Results and Discussion
The results showed that the water use efficiency of mung bean was significantly lower than that of mung bean monoculture in two patterns of mixed and incremental cultivation. The highest mung bean water use efficiency occurred at the irrigation level of 80% of the water requirement and single crop (0.51 kg m^-3). Maize water productivity in all cropping patterns decreases with increasing irrigation water consumption. There was no significant difference between the water productivity of the additive intercropping and the monoculture of maize, but the water productivity of the replacement intercropping had a significant difference with the other two cropping patterns. The highest value of LER was obtained in the additive intercropping as 1.56 and 1.52 in 80 and 100% of water requirement, respectively, which was equivalent to a 56 and 52% increase in profitability compared to a monoculture of the two species. WER was greater than 1 in all water levels and two intercropping patterns, which indicated the superiority of intercropping with less water than monoculture.
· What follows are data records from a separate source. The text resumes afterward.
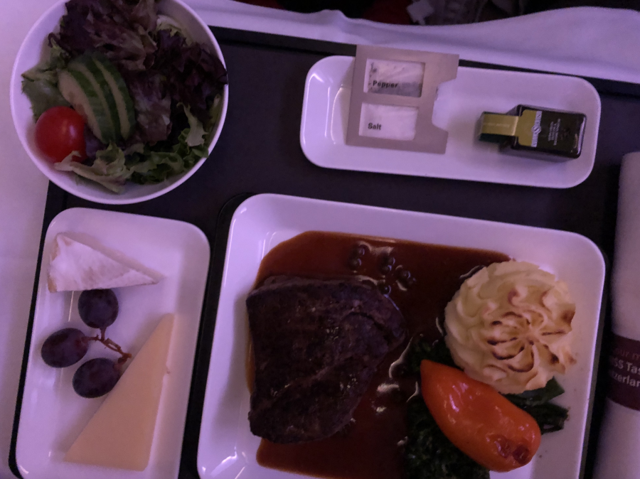Vi hade en kort stund att hänga i Swiss Business Lounge, som var inte så mycket att hänga i julgranen. Ganska liten och sådär bra utbud.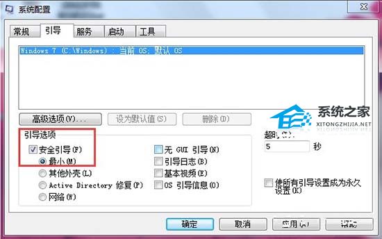 3. 从打开的“系统配置”界面中,切换到“引导”选项卡,勾选“安全引导”和“最小化”两个项目,点击“确定”按钮。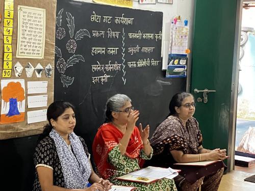 यानंतर शिक्षकांनी आत्तापर्यंत वर्गात घेतलेल्या प्रकल्प विषयाबद्दल माहिती दिली. त्यामध्ये मुलांबरोबर झालेल्या गप्पा, मुलांचे आलेले प्रतिसाद पालकांपर्यंत पोहोचवले. वर्गातील काही उपक्रमाबद्दल माहिती दिली. उदा. हवामान तक्ता कसा तयार केला जातो आणि तो मुलांच्या निरीक्षणशक्ती व तर्कशक्ती विकसित करण्यात कसा मदत करतो.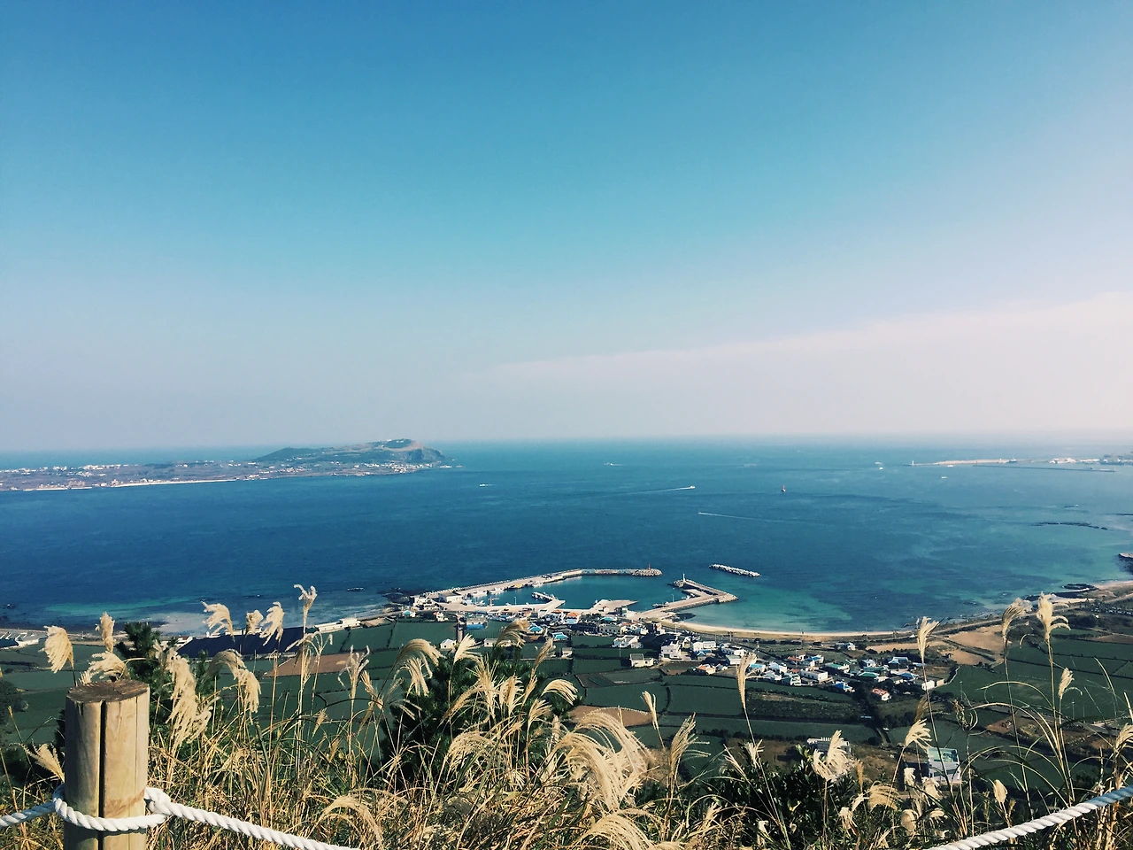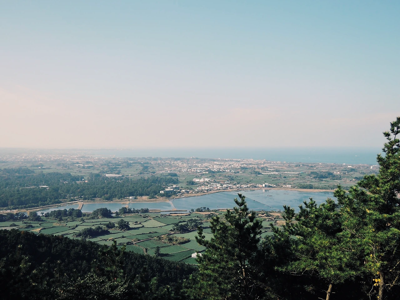 (ⓒ 2015 NOODLE / 정상에서 만나는 종달리 풍경. 왼쪽으로 우도가 보인다.)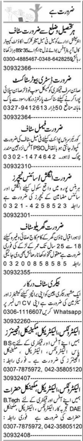 Private Company Allama Iqbal Town Lahore, lahore Punjab Pakistan invites applications from eligible candidates for the post of distributor, computer call operator, science teacher, accountant, female manager, office boy, manager, stockist, house servant, teacher, clerk and english teacher as per advertisement of September 22, 2025 published in daily Express Newspaper. Candidates with Bachelor, MA, Middle, Intermediate, BA and Matric etc. educational background will be preferred.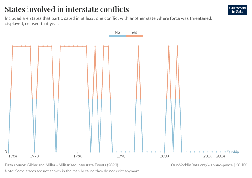 Gibler and Miller - Militarized Interstate Events (2023) – with major processing by Our World in Data. “States involved in interstate conflicts” [dataset]. Gibler and Miller, “Militarized Interstate Events” [original data]. Retrieved December 27, 2025 from https://archive.ourworldindata.org/20250909-093708/grapher/states-involved-in-interstate-conflicts.html (archived on September 9, 2025).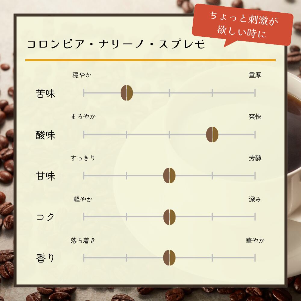 コーヒー愛好家から絶大な支持を受けるこの一品は、朝食の楽しみ、仕事の休憩タイム、友人との会話の共有など、あらゆるシーンでお楽しみいただけます。是非、特別なひとときにコロンビア ナリーノ スプレモをお試しください。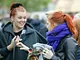Vagtskiftet ved Marselisborg Slot skærtorsdag kl. 12 tiltrak mange fremmødte, mens politiets indsatsleder undervejs tog sig tid til at besvare spørgsmål fra en nysgerrig dreng.

Also, the results showed that the highest WER value was 1.46 in the additive intercropping treatment with an 80% water consumption level. Additionally, the comparison of LER and WER indices showed that intercropping makes more efficient use of water and land resources. Also, the results indicated that the highest LER and WER occurred in the additive intercropping and the irrigation level was 80%. Therefore, additive intercropping and the use of an 80% irrigation level make the most efficient use of water and land resources.
 
Conclusion
The higher WER and LER indexes in this study suggest that an intercropping system may save 45%–56% of water and farmland, achieving similar yields in comparison to sole maize and sole mung bean. Thus, the intercropping system would be an advantageous cropping system for sustaining crop productivity and improving water and land use efficiency. However, additional research is required to comprehend the resource capture mechanism of intercrop species in intercropping systems under the changing climate. Especially, a series of comprehensive studies to develop the best management approaches regarding fertilization, irrigation, and pest control would support the sustainability of intercropping systems and farmer adoption. The successful adoption of the intercropping system will play an important role in meeting the food requirements of the increasing population, especially in arid and semiarid countries such as Iran which are facing challenges in resource limitation. The results of this study showed that by using intercropping system and optimal management of water consumption, it is possible to achieve performance similar to single crop cultivation with 45% less water and 56% less land use. However, more research is needed to understand the mechanism of how resources are absorbed by mixed species in intercropping systems, especially under different climatic conditions.